On 12 November 2006, Baiyewu appeared in an ITV documentary called Faith in Music. This documentary charted his life and music, from his roots in Africa, through Lighthouse Family and into his solo incarnation. It also showed him performing an acoustic set featuring tracks from his latest album.

In 2013, Baiyewu announced plans for a second solo album, titled Diamond in a Rock, which was released, together with the single "Move", on 4 March 2013.

In October 2013, Baiyewu joined M People as a support act during their "20th Anniversary Greatest Hits Tour".

In 2019, Lighthouse Family released a new album, Blue Sky in Your Head.
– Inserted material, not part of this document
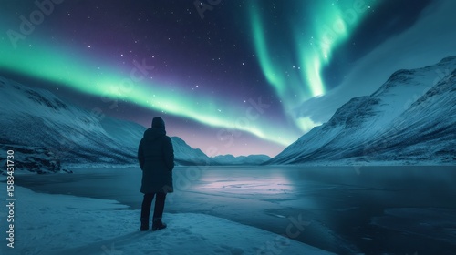 Hiker observing wonderful northern lights reflecting on frozen lake at night

The group's first record in eighteen years, it was supported by two sell-out UK tours. The duo split in July 2022 and did not perform at the Mouth of the Tyne Festival, as they had agreed, despite the show selling out.
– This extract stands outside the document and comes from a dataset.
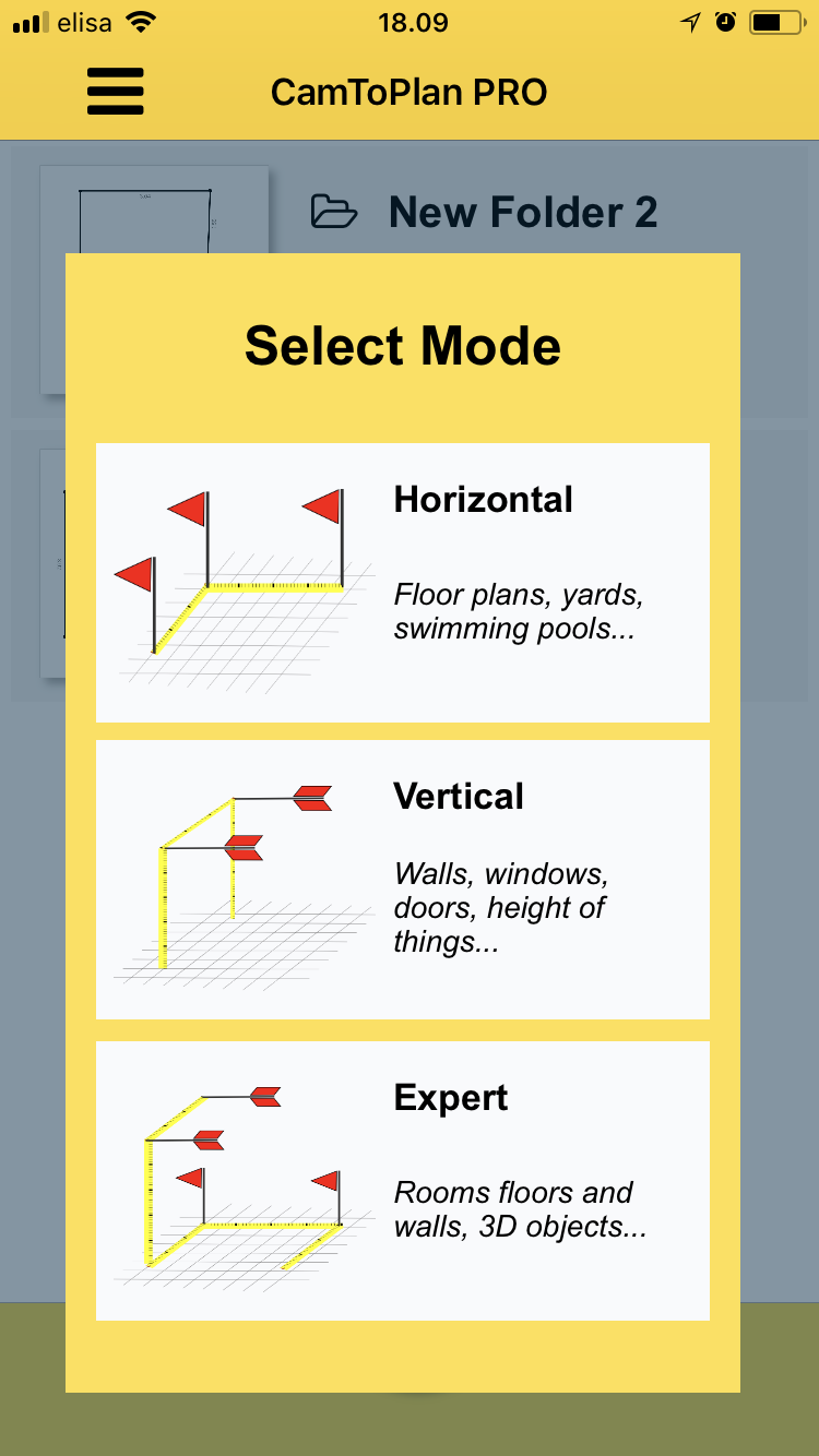 Ennen mittaamisen käynnistämistä sovellus pyytää valitsemaan kolmen toiminnon välillä. Valittavana on horisontaalinen ja vertikaalinen mittaus sekä expert-moodi, joka mittaa pintoja 3D-tilassa.

Since 2020, Baiyewu has been working on a new collection of recordings, inspired by the artists and the singer-songwriter era of the 1970s. Reunited with Lighthouse Family producer Mike Peden, he has recorded a selection of Troubadour-influenced songs, including compositing by Elton John, Crosby, Stills, Nash & Young, James Taylor, Leon Russell, Cat Stevens, Van Morrison, David Gates, Bill Withers, Todd Rundgren, and Barry White.

==Personal life==
After Baiyewu's father's death, his mother went on to marry former Nigerian president Olusegun Obasanjo. She died in 2000.
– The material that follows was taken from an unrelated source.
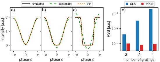 For the first comparison of the sinusoidal and PP approach, the processing results of the three example systems without the influence of sampling-related artifacts are discussed. Therefore, we used 100 equidistant, precise phase steps for fitting, and the accuracy of the fits was evaluated by calculating the RSS on the entire dataset. Figure 3a–c shows a comparison between the simulated IM and fitted curves using both models. For the three-grating interferometer in Figure 3a, the sinusoidal, as well as the PP function, match the simulated IM well. For the two-grating interferometer, the linear part of the rather trapezoidal IM is fitted well; however, the minimal and maximal intensities are clearly underestimated by the sinusoidal model. As expected, the PP function resembles the shape of the modulation significantly better. Similar behavior is even more apparent in the third example in Figure 3c with a rectangular shape of the IM. The sinusoidal model overestimates the peaks and underestimates the minimum drastically, while the PP function reproduces the shape robustly. As observed in Figure 3d, the fitting accuracy represented by the RSS is much better for the PPLS than the SLS approach in all three exemplary systems. This was expected to some extent, since the PPLS optimizes one more free parameter than the SLS. However, the RSS of PPLS stays almost constant for sinusoidal, trapezoidal, and rectangular IMs, confirming its robustness for different shapes.

In March 2007, Baiyewu married Tope Adeshina, a Nigerian model, in Lagos, Nigeria. They live in the UK.

==Discography==
===with Lighthouse Family===

List of studio albums, with selected details, chart positions and certifications
| Title | Details | Peak chart positions |  |  |  |  |  |  |  |  |  | Certifications |
| UK | AUS | AUT | BEL (FL) | FRA | GER | NL | NZ | SWE | SWI |
| Ocean Drive | Released: 11 November 1995; Label: Wildcard (#5237872); Formats: CD, cassette; | 3 | — | — | — | — | 26 | — | — | — | — | BPI: 6× Platinum; |
| Postcards from Heaven | Released: 24 October 1997; Label: Wildcard (#5395162); Formats: CD, cassette; | 2 | 2 | 18 | 19 | 44 | 5 | 16 | 6 | 32 | 12 | BPI: 4× Platinum; ARIA: Platinum; BVMI: Platinum; |
| Whatever Gets You Through the Day | Released: 26 November 2001; Label: Wildcard (#5894122); Formats: CD, cassette; | 7 | — | 21 | — | — | 3 | 88 | — | — | 29 | BPI: Platinum; BVMI: Platinum; |
| Blue Sky in Your Head | Released: 5 July 2019; Label: Polydor; Formats: CD, digital download, streaming; | 3 | — | — | — | — | — | — | — | — | — | BPI: Silver; |
"—" denotes releases that did not chart or were not released in that region.

===Solo===

List of albums, with selected chart positions
| Title | Album details | Peak chart positions |
UK
| Tunde | Released: 18 October 2004; Label: RCA, BMG; | 32 |
| Diamond in a Rock | Released: 4 March 2013; Label: Waking Dreams, Neapolitan; | — |
"—" denotes a recording that did not chart or was not released in that territory.